07-08-2006, 05:26 PM #1
- Join Date
- Jun 2006
questions for firefighters.........
After taking a lot of time thinking and talking to the wife, I have decided to make a career change into fire from my M-F executive job(make great money), and know I'll be happy when my goal is met. I wanted to know what was the biggest obstacle or hurddle you faced after being fully hired(family,wife, emotionally, etc...)? Thanks!
07-08-2006, 09:17 PM #2
In the same boat
I made that same decision a few years ago and just landed my first career FF position. I am looking forward to my new career but have yet to see how it will affect my family life. I'll be on a 24/72 shift so I am not expecting too much difficulty. Good luck in your search.
07-08-2006, 11:03 PM #3
just out of curiosity, have you already been hired by a full time career department? One of the hardest things I have seen and heard from people is not how difficult the job is, but rather how time consuming it can be to actually get hired (testing everywhere, jumping through all the hoops to get hired, and eventually getting the offer).
more than that, I would say having the family adjust to the new pay scale (especially if there is a signicant decrease in your income), as well as an increased time away from your family, particularly the overnights, weekends and holidays.If my basic HazMat training has taught me nothing else, it's that if you see a glowing green monkey running away from something, follow that monkey!
07-11-2006, 03:27 PM #4
I made the leap.
There are several big steps you'll have to make to transition from a career in the business world to a career in the fire service.
First, you have to make the committment to get hired. As others have said, that can be a full-time job in itself, with all the testing, interviews, CPATs, psych exams, etc that you have to do.

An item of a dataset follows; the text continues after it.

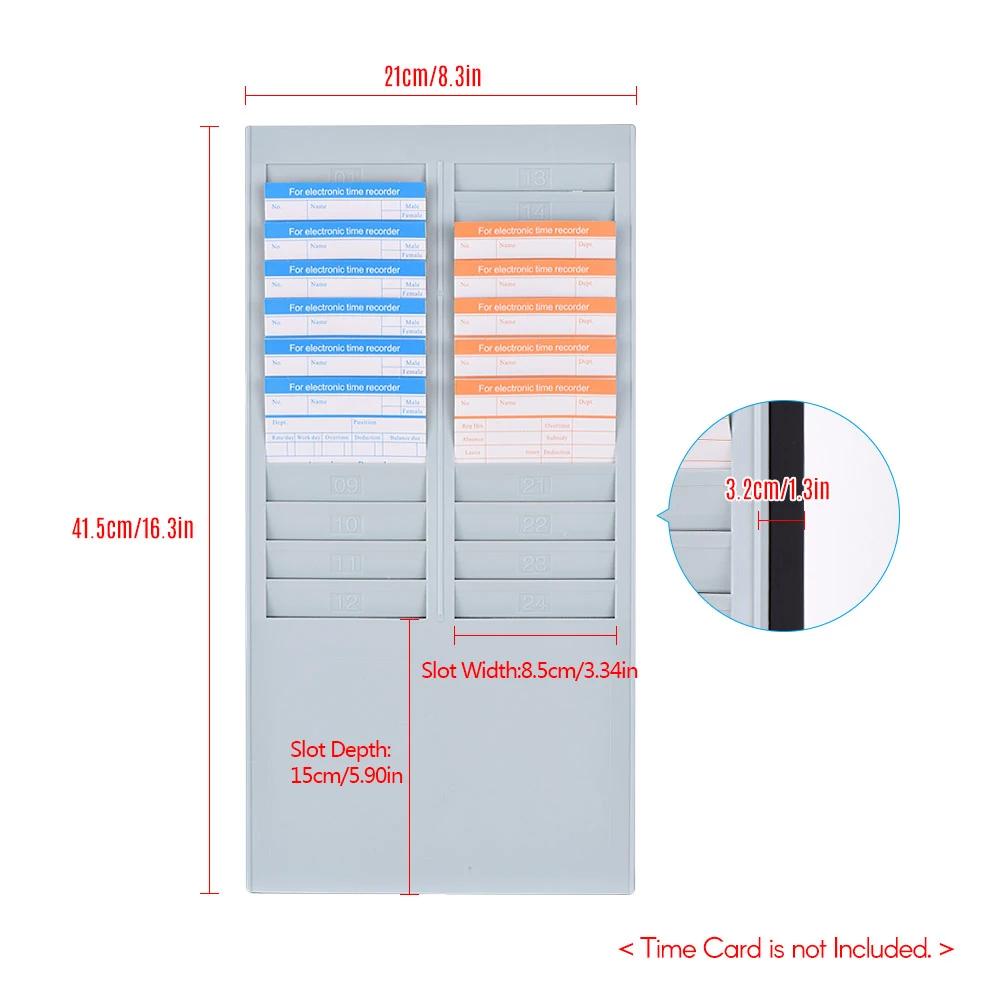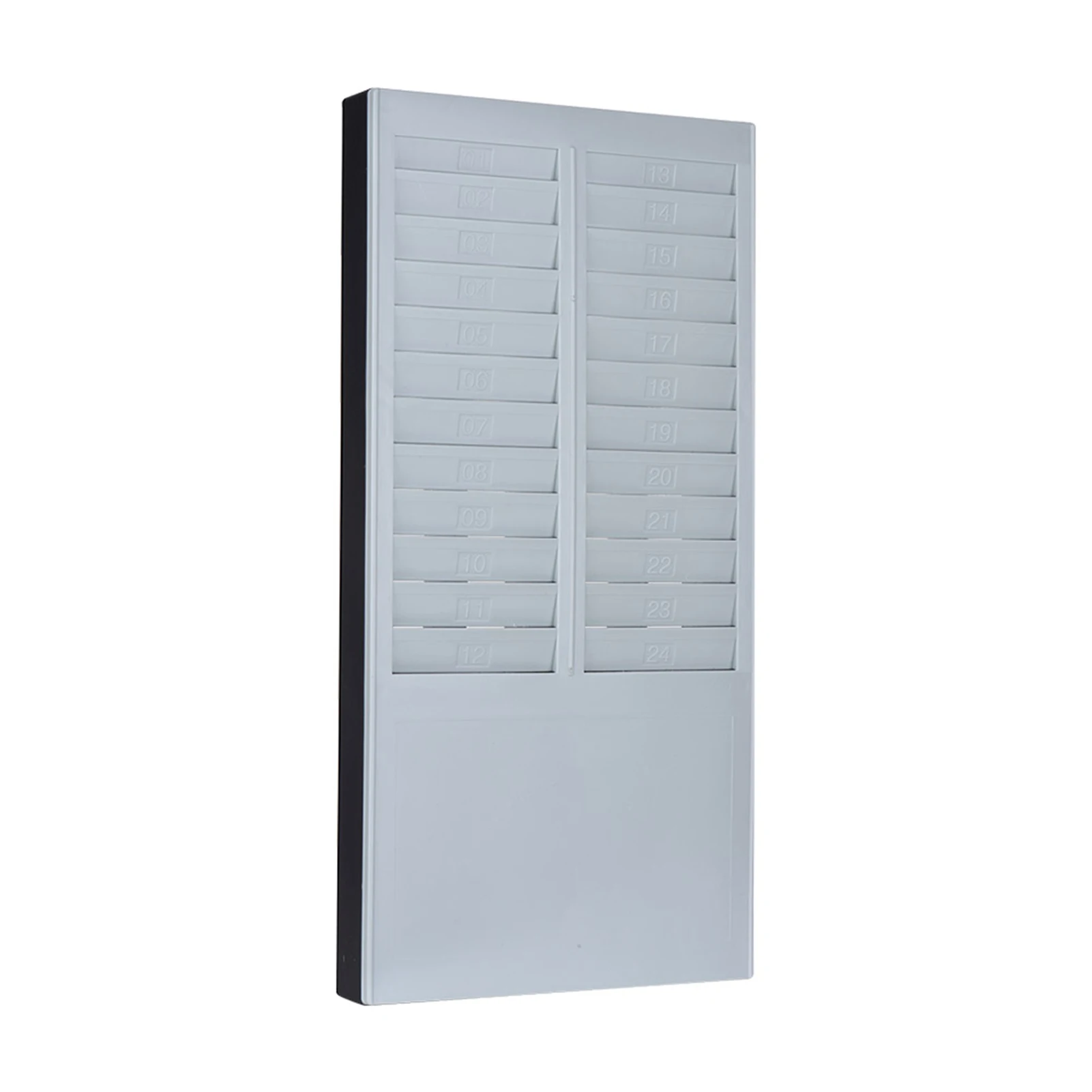 24 кармана для карт времени, 1 слот для 1 карты, может вмещать до 24 карт вашего времени посещаемости, обычно используется в офисе, фабрике, складе и т. д.

You have to decide, do you want a fire only job or fire/ems. Where you want to work may decide that for you. If your dream department does EMS, guess what you'll be doing?
If EMS is in your future, it will pay for you to start your training now, before you quit your office job. Get your EMT, work part-time on the weekends for a local ambulance service to get some experience. That will prepare you for what you'll face in your new career and help you decide if this really is what you want to do.
It will also help you decide if you want to try becoming a paramedic. In some cities, your medic cert will put you at the head of the hiring line. But medic school is another big committment that will eat away at your family time. Expect to spend 20 hours a week in class/labs/clinicals and an equal amount studying.
Your next big adjustment comes when you get hired. Likely you'll be shipped off to probie school somewhere for 2-3 months. Some places let you go home every night, others treat it like boot camp and you're there for the duration.
When you graduate and get that shiny new badge, get ready for the biggest transition of all. No more 9-5, M-F work week. It's a blessing and a curse at the same time. You have lots more time off, but regular holidays and weekends don't exist for you anymore. That's one of the biggest adjustments. Your wife is off on Saturdays and Sundays, and you're off Monday, Tuesday, Wednesday one week and Tuesday, Wednesday, Thursday the next. Plus, you'll be away from home at least two nights a week.
Be ready to miss the kids Little League games and recitals on the days you work and know that Christmas and Thanksgiving may have to switch dates and times on the years you work the holidays.
All that can put a big strain on a marriage. Be sure your wife is aware of the schedules. And when you do get hired, make an effort to have at least one day a week just for you two.
As others have mentioned, you will definitely have to get used to the cut in pay. Unless you're one of those guys who made a couple of million in the markets and can live off the interest alone, you're in for some big lifestyle changes. Be sure you can afford your current home and cars on $40K a year. You may have to downsize, or move to a more affordable neighborhood.
Of course, there's always overtime available to supplement your pay. But some departments limit the overtime that probies can make, others prohibit probies from taking extra shifts alltogether. Overtime also eats into family time and the lure of easy money can often put a big strain on a family unless they are willing to put up with it.
In short, taking up firefighting, like any other career change, is a big decision. It's one you need to discuss thoroughly with yourself and your family (kids included) so that everyone knows what to expect when you get hired.